THE PROBLEM: Print only the lines from the top of the data through the line with "- 기본적으로 숨겨져", both included, skipping every picture.

INFORMATION SUPPLIED:
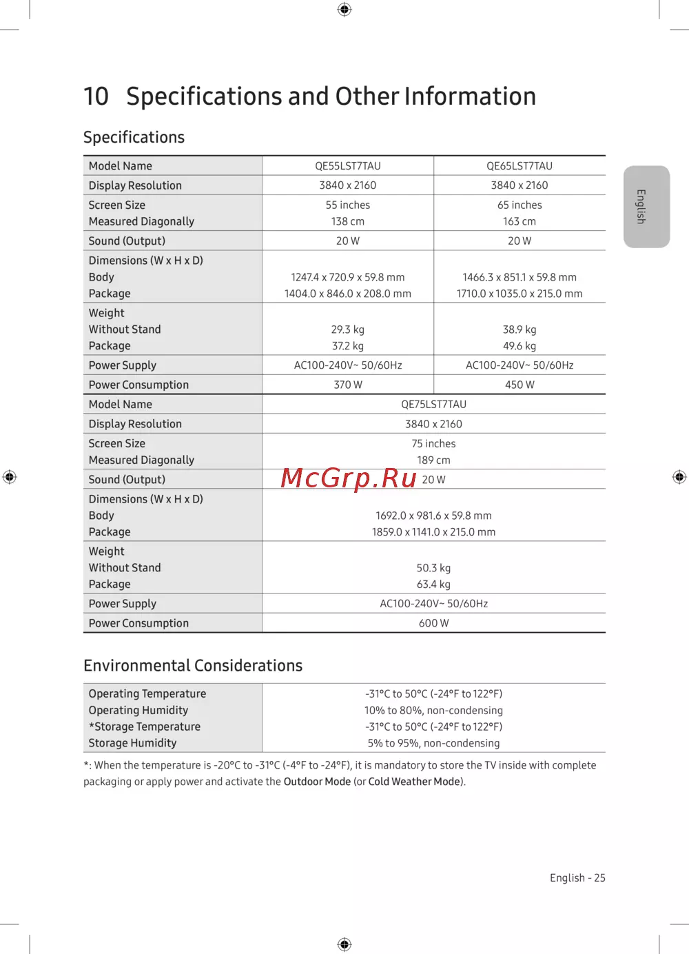 *: When the temperature is -20°C to -31°C (-4°F to -24°F), it is mandatory to store the TV inside with complete
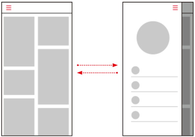 - 기본적으로 숨겨져 있어 화면 공간을 절약한다. 메뉴가 펼쳐졌을 때 이전 화면을 어둡게 오버레이하고 다시 메인 기능으로 돌아와 집중하도록 유도
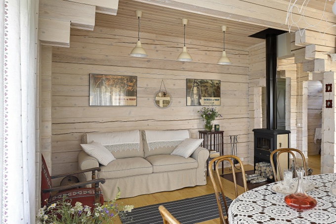 Гостеприимная семья пригласила дизайнеров Дину Косточку и Нину Биркадзе оформить небольшой деревянный дом в Калужской области. Построенный из оцилиндрованного бревна гостевой 2-х этажный домик площадью 110 кв. м изначально имел хорошую архитектуру и планировку. Окна, обращенные в сад, стеклянная терраса и настоящая русская печка – в нем было все для хорошего отдыха.
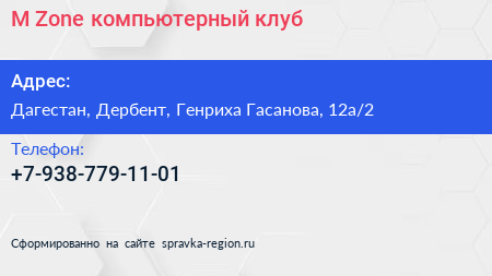 M Zone, компьютерный клуб по адресу Дагестан, Дербент, Генриха Гасанова, 12а/2 в дальнейшем Организация, размещена в следующих категориях:
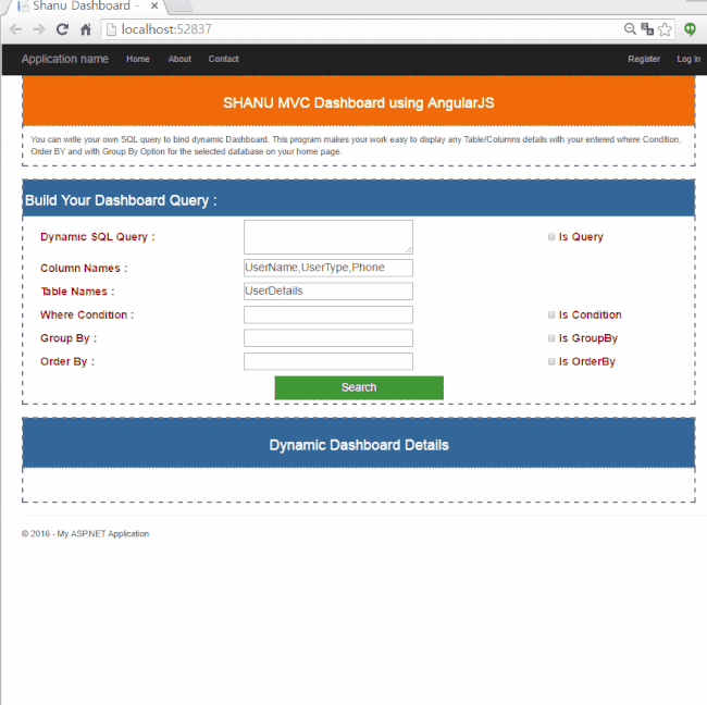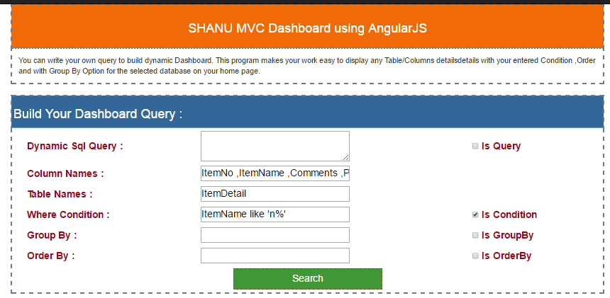 We can bind any data on our Dashboard page by entering our Select Query in this text box. We can also write our join query to display data from more than one table with where conditions. We need to first check the Is Query Checkbox for displaying our Dynamic SQL Query data on the dashboard page. If the check box is not checked then by default we will display the column and table details which we have given.

SOLUTION TO THE PROBLEM:
 *: When the temperature is -20°C to -31°C (-4°F to -24°F), it is mandatory to store the TV inside with complete
 - 기본적으로 숨겨져 있어 화면 공간을 절약한다. 메뉴가 펼쳐졌을 때 이전 화면을 어둡게 오버레이하고 다시 메인 기능으로 돌아와 집중하도록 유도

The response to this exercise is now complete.